§ To do:
An exact copy of the lines of the listing below between the "After the $178" line and the "The Cedar floorplan, 1,629" line, both included, is the whole answer; please omit the pictures.

Top of Data shown

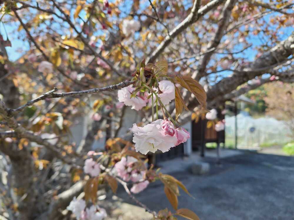 島四国24番札所の八重桜がやっと咲き始めました。島四国は、四国88か所をモデルにした、大三島の中の88か所の霊場を巡る民間信仰です。
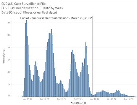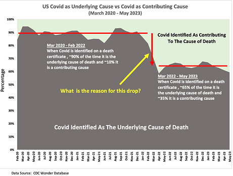After the $178 billion in CARES Act money for the “Provider Relief Fund” dried up in January 2022, hospital coders were no longer required to list COVID as cause of death.
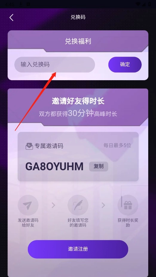 3、好友输入邀请码后生成兑换码,您输入该兑换码后双方均获得30分钟高峰游戏时长。
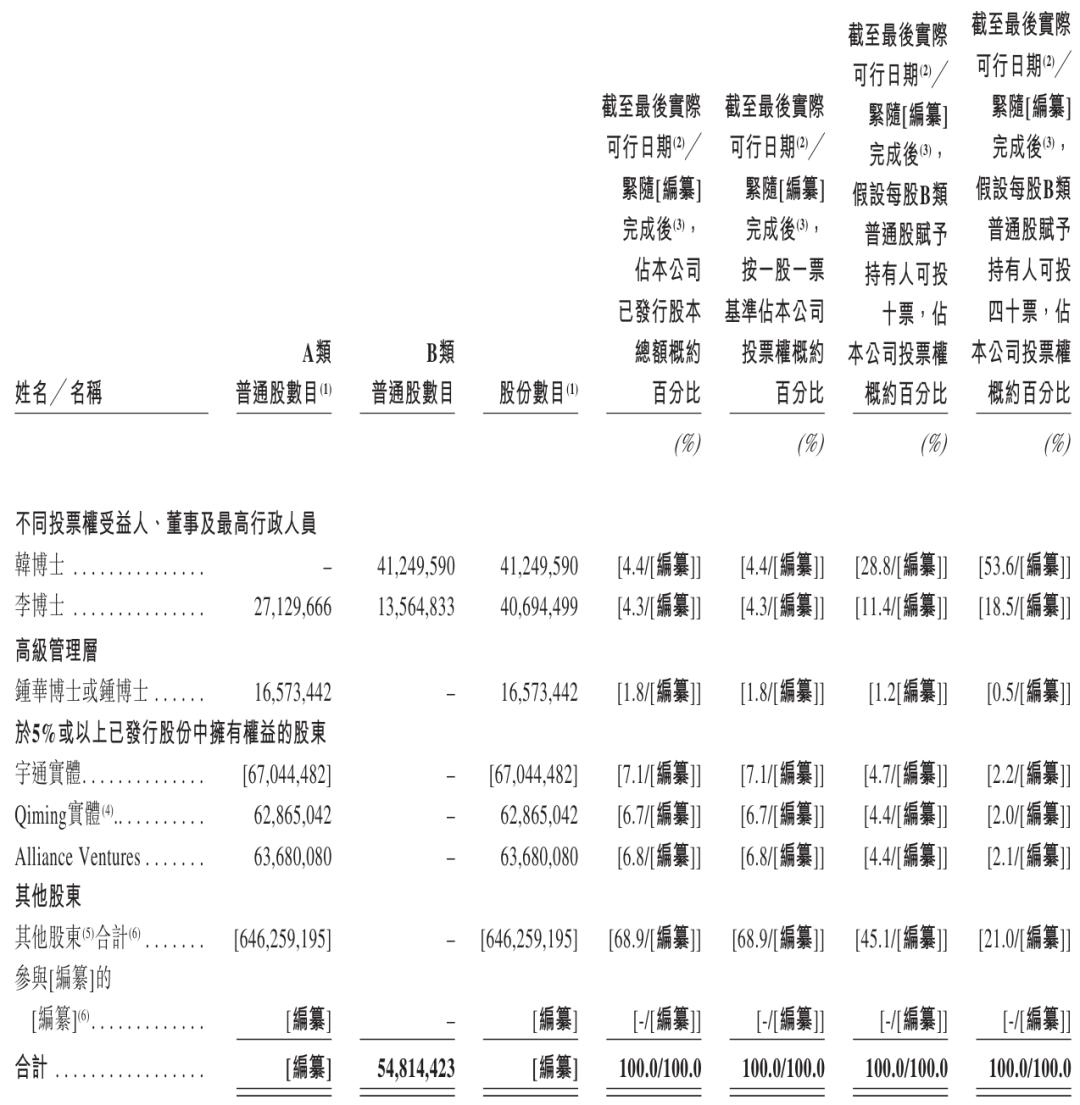 IPO前,韩旭博士通过XHL及THL持有41,249,590股B类普通股的权益,约占公司已发行股本总额的4.40%,及公司投票权的53.64%;李岩博士通过Humber Partners持有27,129,666股A类普通股和13,564,833股B类普通股的权益,约占公司已发行股本总额的4.3%,及公司投票权的18.5%(基于每股A类普通股赋予持有人可投一票及每股B类普通股赋予持有人可投40票计算);上述创始人和联合创始人合计持有公司投票权的72.1%,形成了稳固的管理层控制权。
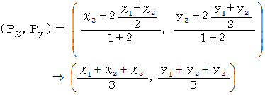 とすると、 三角形の重心の座標値は次の式で表されるのことを証明しましょう。
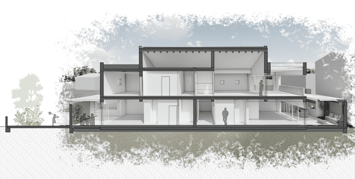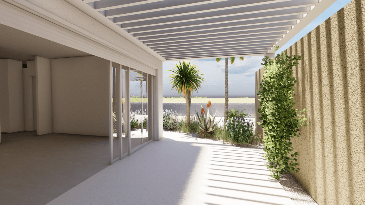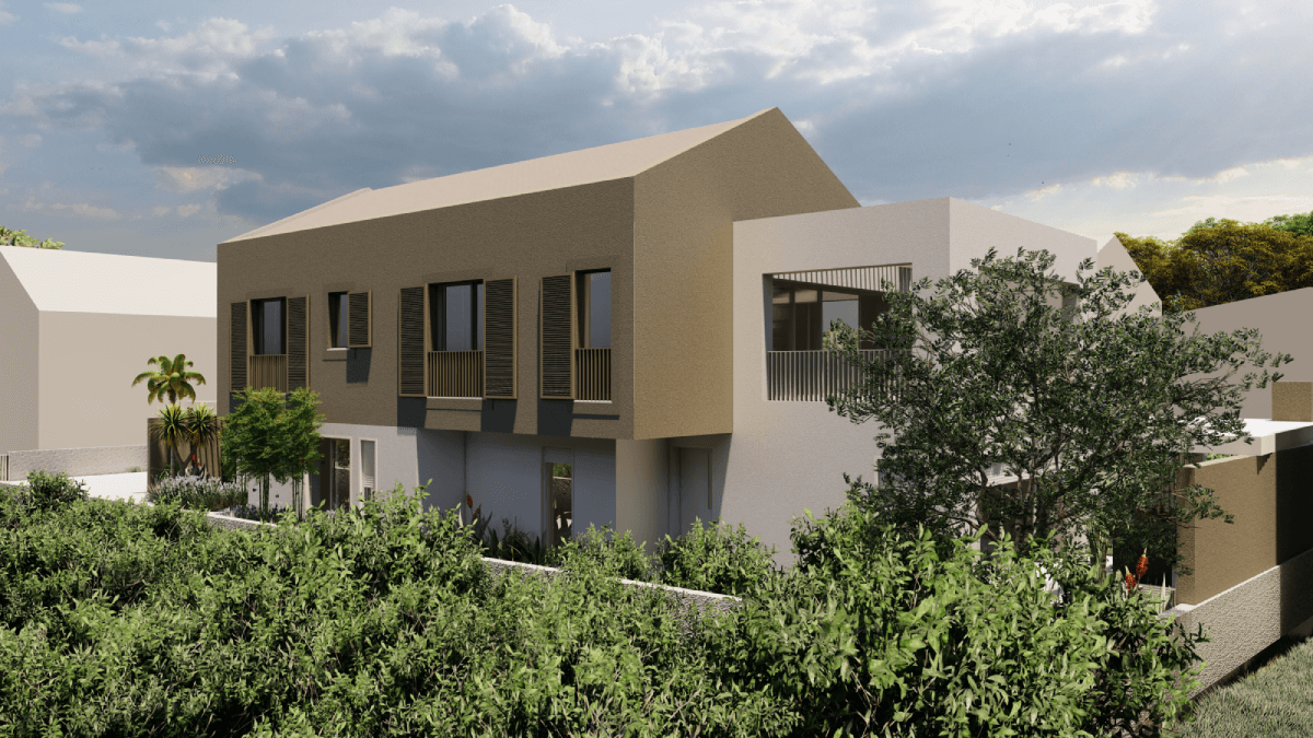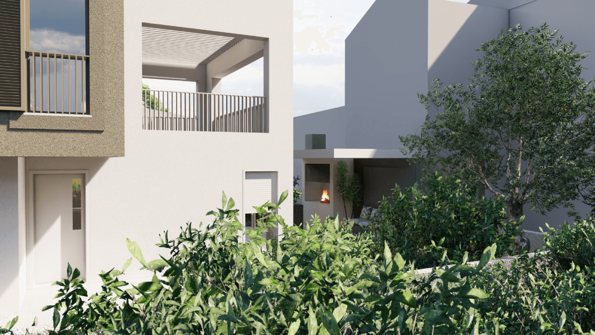 Volumen sekundarnog sadržaja za najam je u bijeloj žbuci i okružen zelenilom sa što više strana radi ostvarivanja optimalne mikroklime i privatnosti.
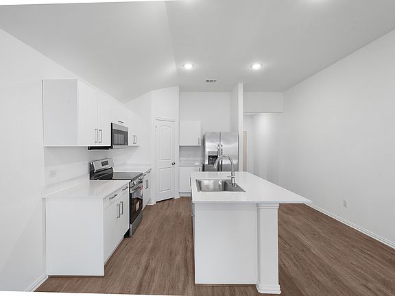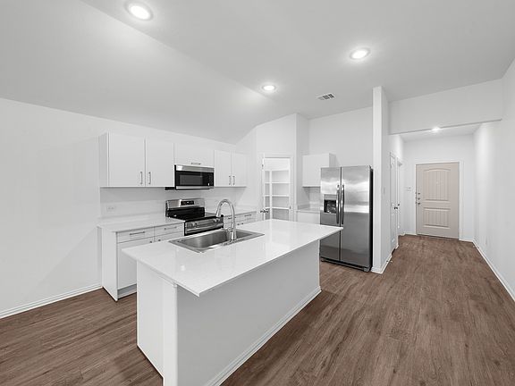 The Cedar floorplan, 1,629 sq ft, offers 3 bedrooms, with 2 bathrooms, an open concept family, dining, kitchen area, primary suite offers an en suite bath with separate vanities and two walk in closets! Each home offers luxury vinyl plank, easy care floors, granite style-quartz counter tops, European style cabinetry, new appliances and a full size utility room. The home has an adorable covered porch, two car garage and privately fenced yard. Enjoy maintenance free lawncare, you only need to maintain the fenced area. Photos are representative of this floorplan, not actual.
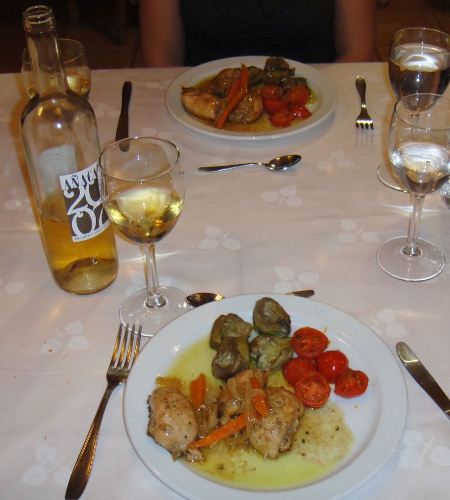 As long as we’re talking about Biar and mentioning Casa Rural Mas Fontanelles, let’s stay in this locale for the topic of home cooking. You see, we arrived at this place on a Monday, the normal day off for the staff. Similarly, we were the only ones staying at the Casa. Therefore, the owner made us supper in much the fashion he might have for his own family. Naturally, we started with a nice bottle of wine.
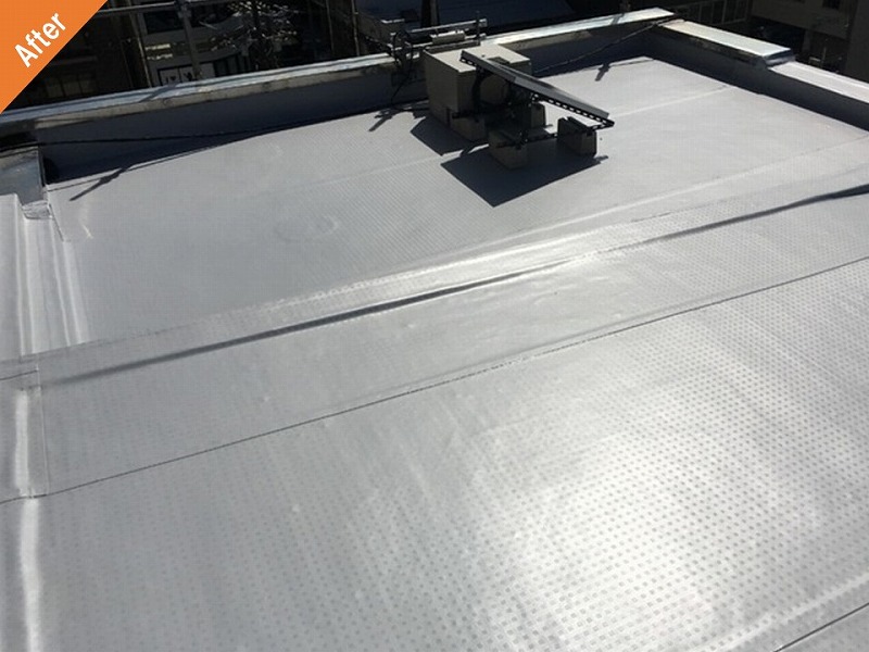 屋上も塩ビシート防水(100㎡)と改修ドレン工事をしたことで、雨漏りが改善しました!
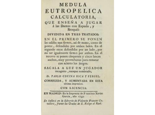 1759. LIBRO. (JUEGOS). MEDULA EUTROPELICA CALCULATORIA, QUE ENSEÑA A JUGAR A LAS DAMAS CON ESPADA Y BROQUÉL: dividida en tres tratados: en el primero se ponen las salidas mas firmes, assi de mano, como de postre, defendidas. Madrid: Francisco Xavier Garcia for Valentin Frances Cavallere, 1759. 8º menor. 8 h. + 184 p. Viñeta, capital y cules-de-lampe xilográficos. Encuadernación de época en pergamino a la romana. Palau 50862, publicada por primera vez en 1718 y reimpresa de nuevo, esta es la tercera edición.

Bottom of Data shown

§ Answer to this problem:
After the $178 billion in CARES Act money for the “Provider Relief Fund” dried up in January 2022, hospital coders were no longer required to list COVID as cause of death.
 3、好友输入邀请码后生成兑换码,您输入该兑换码后双方均获得30分钟高峰游戏时长。
 IPO前,韩旭博士通过XHL及THL持有41,249,590股B类普通股的权益,约占公司已发行股本总额的4.40%,及公司投票权的53.64%;李岩博士通过Humber Partners持有27,129,666股A类普通股和13,564,833股B类普通股的权益,约占公司已发行股本总额的4.3%,及公司投票权的18.5%(基于每股A类普通股赋予持有人可投一票及每股B类普通股赋予持有人可投40票计算);上述创始人和联合创始人合计持有公司投票权的72.1%,形成了稳固的管理层控制权。
 とすると、 三角形の重心の座標値は次の式で表されるのことを証明しましょう。
 Volumen sekundarnog sadržaja za najam je u bijeloj žbuci i okružen zelenilom sa što više strana radi ostvarivanja optimalne mikroklime i privatnosti.
 The Cedar floorplan, 1,629 sq ft, offers 3 bedrooms, with 2 bathrooms, an open concept family, dining, kitchen area, primary suite offers an en suite bath with separate vanities and two walk in closets! Each home offers luxury vinyl plank, easy care floors, granite style-quartz counter tops, European style cabinetry, new appliances and a full size utility room. The home has an adorable covered porch, two car garage and privately fenced yard. Enjoy maintenance free lawncare, you only need to maintain the fenced area. Photos are representative of this floorplan, not actual.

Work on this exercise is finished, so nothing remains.